2. Benefits to the leaseholder:
• Affordable compared to a conventional purchase.
• Instead of selling their home, investing the proceeds, paying rent with the interest income after paying income tax on it, a life leaseholder invests directly in the project and pays no tax on the pre-paid rent in the form of the entry fee.
• Base rent cannot be increased throughout leaseholder’s life, although the maintenance fee (like a strata fee) can be.
• Pre-paid rent is returned at end of lease: while no profit, little risk of loss either, provided the project is well managed.
• Life leaseholders may sub-let if they do not want to live in the project right away.
• “Life” can include the life of a surviving co-resident as well.
3. Benefits to the social housing project:
• An attractive funding source for members of the particular community being housed.
• As an example, PAL (Performing Arts Lodge) Vancouver in Coal Harbour raised almost half of its equity requirement of $6,700,000 by approaching 12 of those community members who were fortunate enough to own homes – both those not ready to move, but wanting to make a social investment in their community many times larger than they could afford to donate, and those ready to move and wishing to live within the theatre community.
• Key – City of Vancouver allowed PAL to “count” towards its required equity the 10% non-refundable deposits on the life leases, so the $300,000 actually in the bank from 12 deposits counted as the full $3,000,000 for equity purposes.
• The life lease concept means all are tenants of the project. Keeps the community of residents equal – no tiers of ownership.
• At end of lease, the landlord may take advantage of any increase in the rental market by increasing the entry fee for the next leaseholder: if the initial $1,250 market rent becomes $1,500, then $18,000 @ 5% becomes $360,000, for a “profit” of $60,000 for the landlord.
• OR – landlord may choose to add the life lease unit to its supply of subsidized rental units.

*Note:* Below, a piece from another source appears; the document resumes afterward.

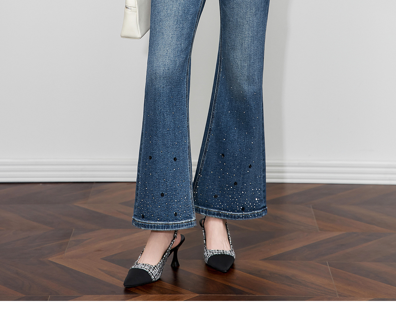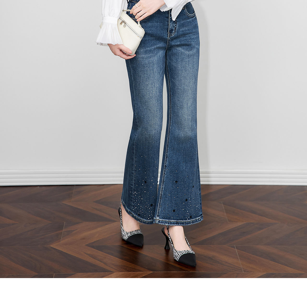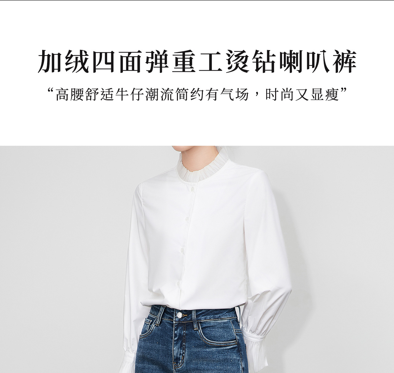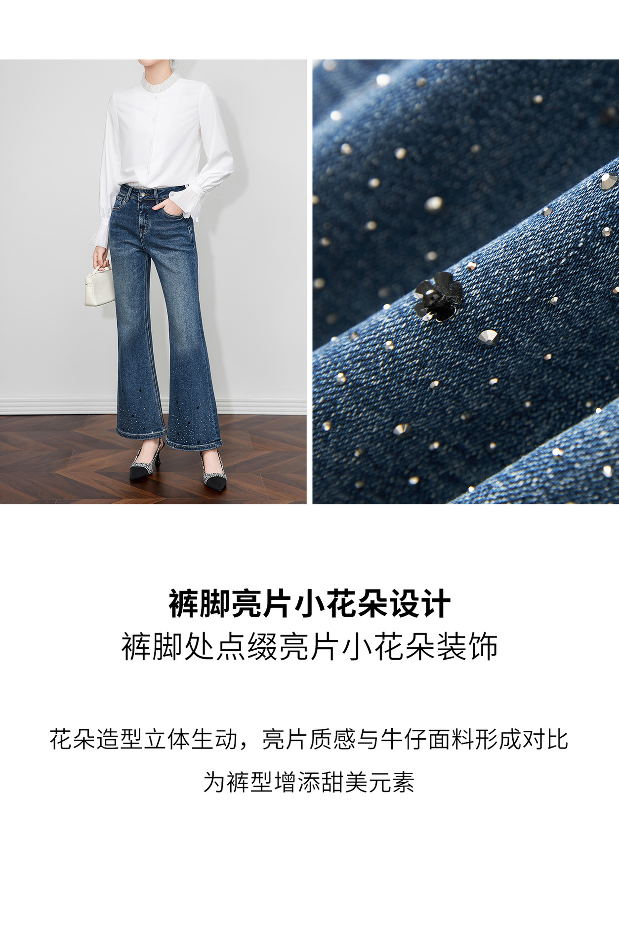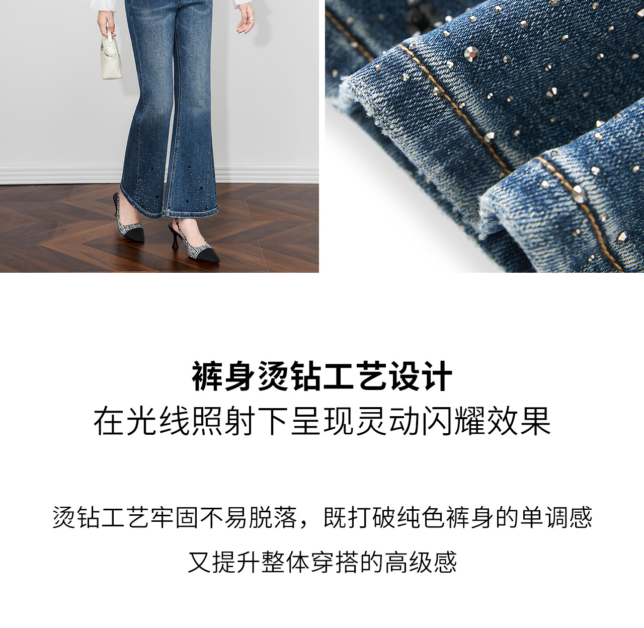 「高货wl」全新升级【铂金会员257/天猫349/差价92】(04109)洛诗琳重工烫钻亮片加绒牛仔裤2025秋冬高腰显瘦微喇裤

4. Challenges/ Limitations:
• A limited market – almost certainly limited to members of a particular community group who want to make a social investment or live within a community.
• Faith groups, cultural industry workers are examples.
• Must have a minimum age (including partner) PAL used 55, could be 65.
• Life lease is treated as a real estate purchase under Real Estate Development Marketing Act and therefore requires disclosure statement in a form approved by Superintendent of Real Estate.
• Superintendant won’t approve unless some security for repayment of the entry fee is provided – otherwise, just the covenant of the landlord is available.
• Registration of the lease in the LTO would be acceptable but this is very cumbersome unless building is strata titled.
• Without registration, landlord must either:
create a fund sufficient to cash out if replacement life leaseholders are not available; or provide a second mortgage in favour of a third party who acts as a trustee on behalf of life – leaseholders, and maintain sufficient equity space to allow for a lender to advance against the second mortgage if necessary. BC Housing, CMHC and the socially active Credit Unions need to develop appropriate loan and trust instruments to make this work.
• The ratio of life leases to rentals must be just right, because when the life lease units are removed from the income stream, rents on the balance must be sufficient to support any mortgage. In theory, a project could be 100% life leases.